Aufgrund der Größe sieht sich BEKO als Komplettanbieter. „Wir entwickeln von Einzelteilen bis zu Komplettanlagen alles und liefern auch Software und Dienstleistungen“, meint Pucher. Sollte es im Lakeside Park einmal nicht das richtige Know-how geben, kann man auf Experten in anderen Niederlassungen zurückgreifen. 800 hochspezialisierte Beschäftigte stehen österreichweit auf der Payroll von BEKO.
Weil die Kunden mitunter auch selbst entwickeln, liefert man Beratungsleistungen für CAx. Auch Projektmanagement wird angeboten, denn mit der Entwicklung ist es oft nicht getan: Zu jeder Zeit muss der Projektfortschritt überwacht, die veranschlagten Kosten im Auge behalten werden. Zeitliche und budgetäre Überschreitungen sind heute einfach nicht mehr drinnen. „Wer seit mehr als vier Jahrzehnten im Geschäft ist, kennt diesen Teil des Business genau“, sagt der Klagenfurter Geschäftsstellenleiter.
Näher beim Kunden
Neben den erstklassigen Mitarbeitern sprach noch ein weiterer Grund für die Niederlassung in Klagenfurt: Bis dahin wurde das Kärnten-Geschäft des Marktführers von Graz aus betreut. „Jetzt sind wir viel näher am Kunden. Das ist wichtig und ließ unser Auftragsvolumen förmlich explodieren“, meint Pucher stolz. 2006 betreute man hierzulande lediglich einen Großkunden, heute sind es 17. Da gibt es einerseits große Unternehmen mit mehreren hundert Mitarbeitern und eigenen Forschungsabteilungen, etwa aus dem Haushaltsgeräte-, Automobilzulieferer- oder Maschinen- und Anlagenbaubereich.
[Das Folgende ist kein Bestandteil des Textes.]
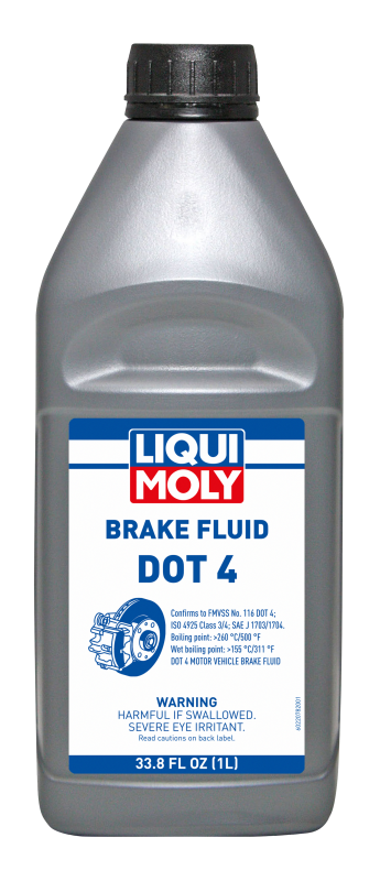 Liqui Moly DOT 4 brake fluid can be used with all conventional brake fluid bleeding devices. Liqui Moly DOT 4 brake fluid is miscible and compatible with all high-quality synthetic brake fluids. The optimal period of use for this brake fluid is, however, only ensured when it is used alone. It is recommended that the brake fluid be changed in accordance with the specifications from the vehicle manufacturer. Caution: Brake fluid corrodes the paintwork of cars; in the event of spillage, rinse immediately with plenty of water. Do not use in mineral oil based central hydraulic systems. Observe manufacturers instructions!

Andererseits bedienen sich viele dynamische Klein- und Mittelunternehmen im „Windschatten“ der Großen des Know-how von BEKO. Pucher: „KMUs sind für uns als Partner ebenso interessant wie multinationale Konzerne. Wir bieten diesen sehr innovativen und flexiblen Unternehmen, die oft über keine eigene Konstruktionsabteilung verfügen, alle Kompetenzen von Österreichs größtem Ingenieurbüro. Uns ist kein Projekt zu groß, aber auch keines zu klein.“
Marktführer im Engineeringbereich zu sein, bedeutet auch, neueste technologien zu beherrschen und über State-of-the-Art-Wissen zu verfügen. Das war auch ein Grund, warum man in den Lakeside Park gezogen ist. „Wir haben zwar keine Geschäftsbeziehungen im Park, aber es gibt Kontakt, wir tauschen uns intensiv aus“, erklärt Pucher.